Stored data entries
═══

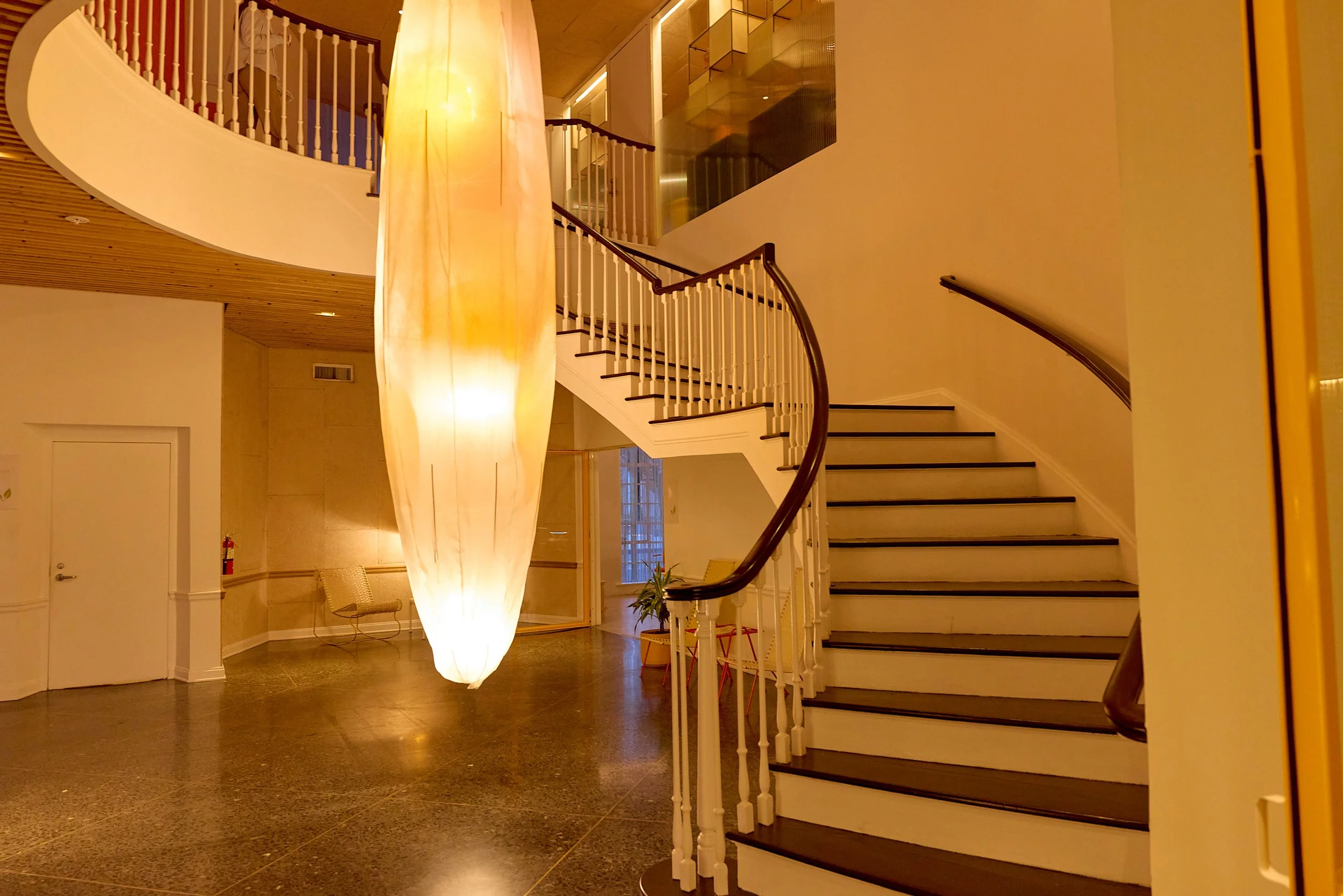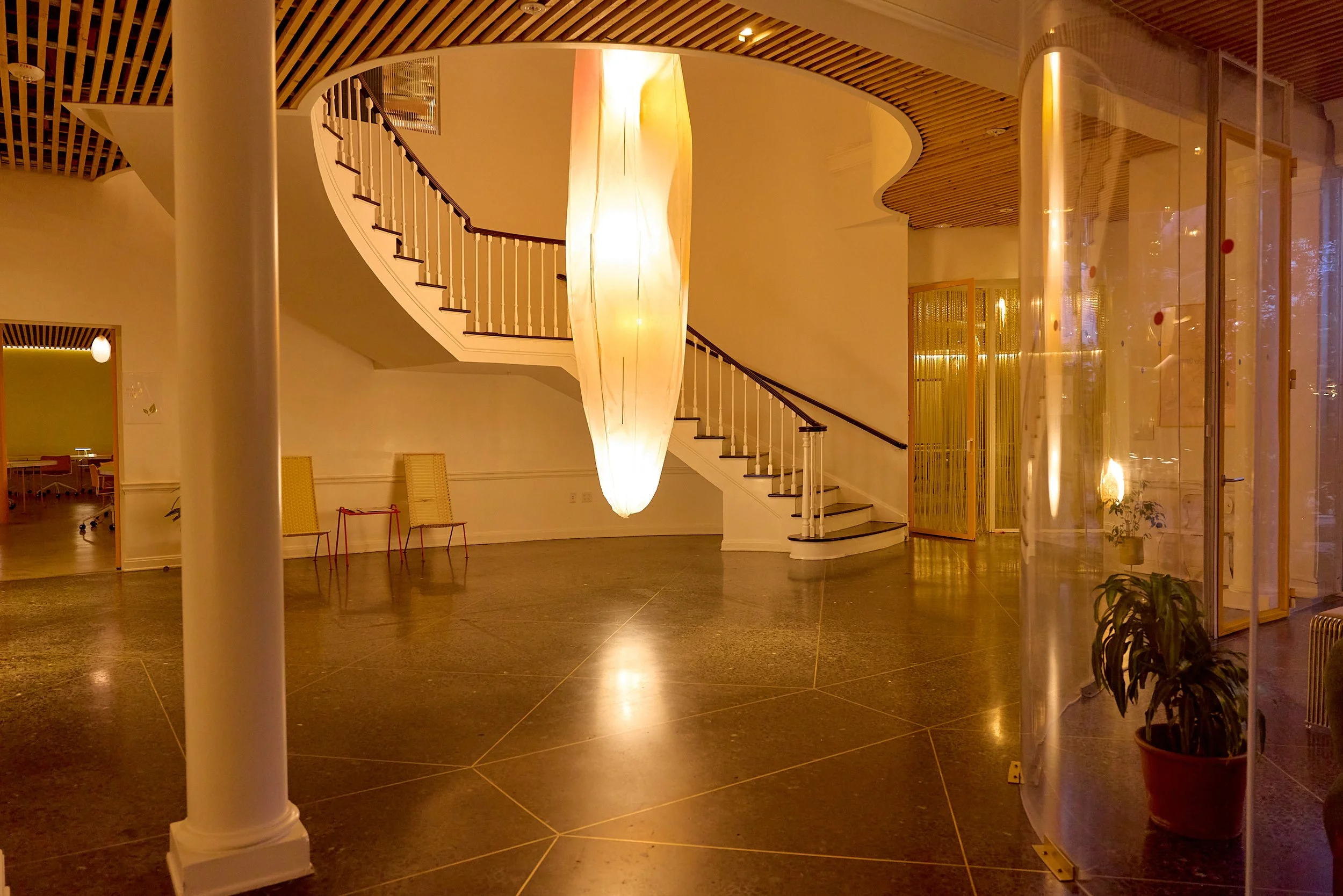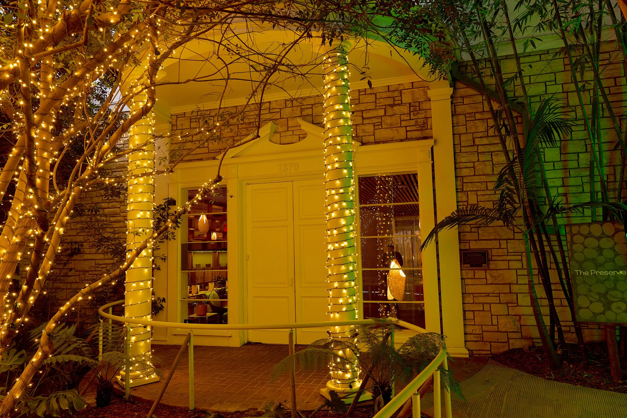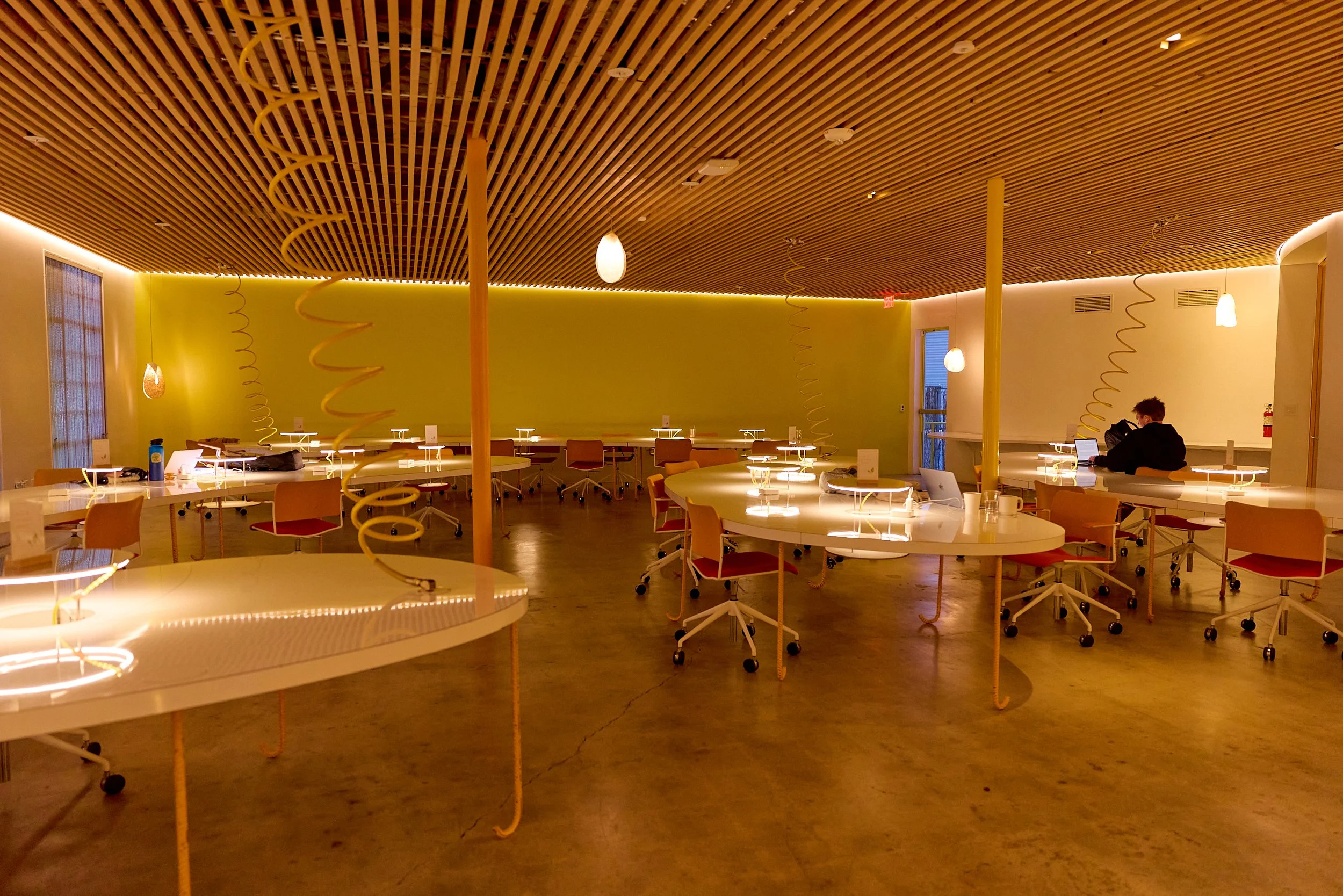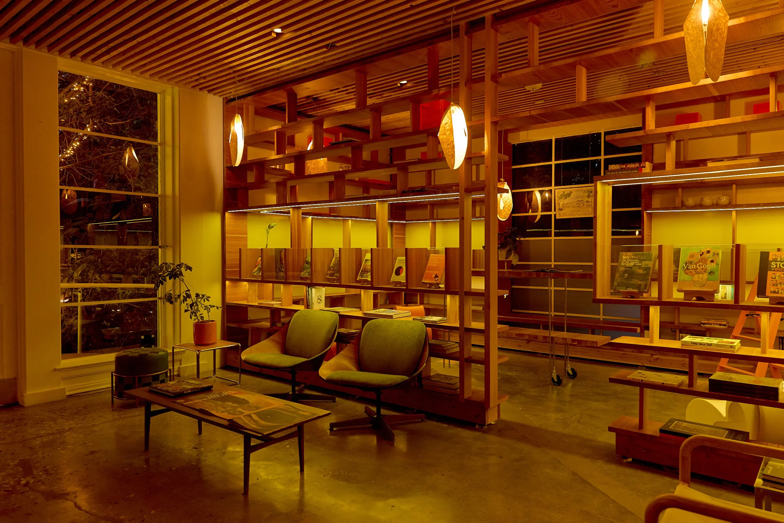 Two-acre creative campus designed by Spanish architect Jose Selgas (SelgasCano), integrated into a historic 1960s Paul Williams Colonial Revival office building. 50,000 sq ft landscaped garden 60 individual curved acrylic, freestanding garden studio office pods Restaurant and bar Tree-covered patio courtyard with fountain Auditorium Meeting rooms and breakout spaces Private offices On-site bookshop Interconnected pathways throughout campus Architecturally distinct: Mid-Century structure paired with contemporary Bauhaus-influenced design and futuristic acrylic pod installations Extensive natural light, layered outdoor environments, and multiple self-contained zones within one controlled campus setting.
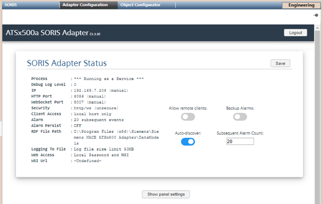 The SORIS Adapter Status tool page displays.
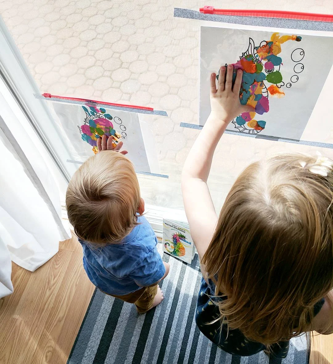 We pulled out our DIY light table to make chameleons to hang in the playroom window. I used clear, adhesive paper and traced the cover of the book. I gave the kids tissue paper to decorate and work on fine motor skills.
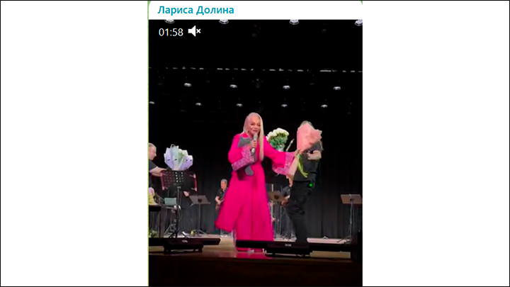 Лариса Долина выходит с концертами. В этом году она увеличила их количество. Скриншот ТГ-канала "Звёздная пыль"
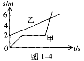 3.如图所示,甲、乙两质点在同一直线上的图,以甲的出发点为原点,以甲出发时刻为计时起点,有下列说法:① 甲开始运动时, 乙在它前面;② 甲、乙是从同地点开始运动的;③ 甲在途中停止运动,最后甲还是追上了乙;④甲追上乙时甲运动时间比乙少。以上说法正确的是( )
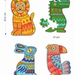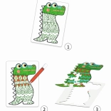 Descoperiți puzzle-ul creativ pe care copiii îl transformă mai întâi cu culori și modele după propria imaginație, iar abia apoi îl asamblează. Datorită contururilor clare ale animăluțelor, asamblarea este intuitivă și totodată plăcut provocatoare în funcție de culorile alese. Activitate ideală pentru dezvoltarea răbdării, imaginației și motricității fine.

═══

Your reply should be the full data above, copied exactly, with no pictures in it.

## RESULT OF THIS EXERCISE
 Two-acre creative campus designed by Spanish architect Jose Selgas (SelgasCano), integrated into a historic 1960s Paul Williams Colonial Revival office building. 50,000 sq ft landscaped garden 60 individual curved acrylic, freestanding garden studio office pods Restaurant and bar Tree-covered patio courtyard with fountain Auditorium Meeting rooms and breakout spaces Private offices On-site bookshop Interconnected pathways throughout campus Architecturally distinct: Mid-Century structure paired with contemporary Bauhaus-influenced design and futuristic acrylic pod installations Extensive natural light, layered outdoor environments, and multiple self-contained zones within one controlled campus setting.
 The SORIS Adapter Status tool page displays.
 We pulled out our DIY light table to make chameleons to hang in the playroom window. I used clear, adhesive paper and traced the cover of the book. I gave the kids tissue paper to decorate and work on fine motor skills.
 Лариса Долина выходит с концертами. В этом году она увеличила их количество. Скриншот ТГ-канала "Звёздная пыль"
 3.如图所示,甲、乙两质点在同一直线上的图,以甲的出发点为原点,以甲出发时刻为计时起点,有下列说法:① 甲开始运动时, 乙在它前面;② 甲、乙是从同地点开始运动的;③ 甲在途中停止运动,最后甲还是追上了乙;④甲追上乙时甲运动时间比乙少。以上说法正确的是( )
 Descoperiți puzzle-ul creativ pe care copiii îl transformă mai întâi cu culori și modele după propria imaginație, iar abia apoi îl asamblează. Datorită contururilor clare ale animăluțelor, asamblarea este intuitivă și totodată plăcut provocatoare în funcție de culorile alese. Activitate ideală pentru dezvoltarea răbdării, imaginației și motricității fine.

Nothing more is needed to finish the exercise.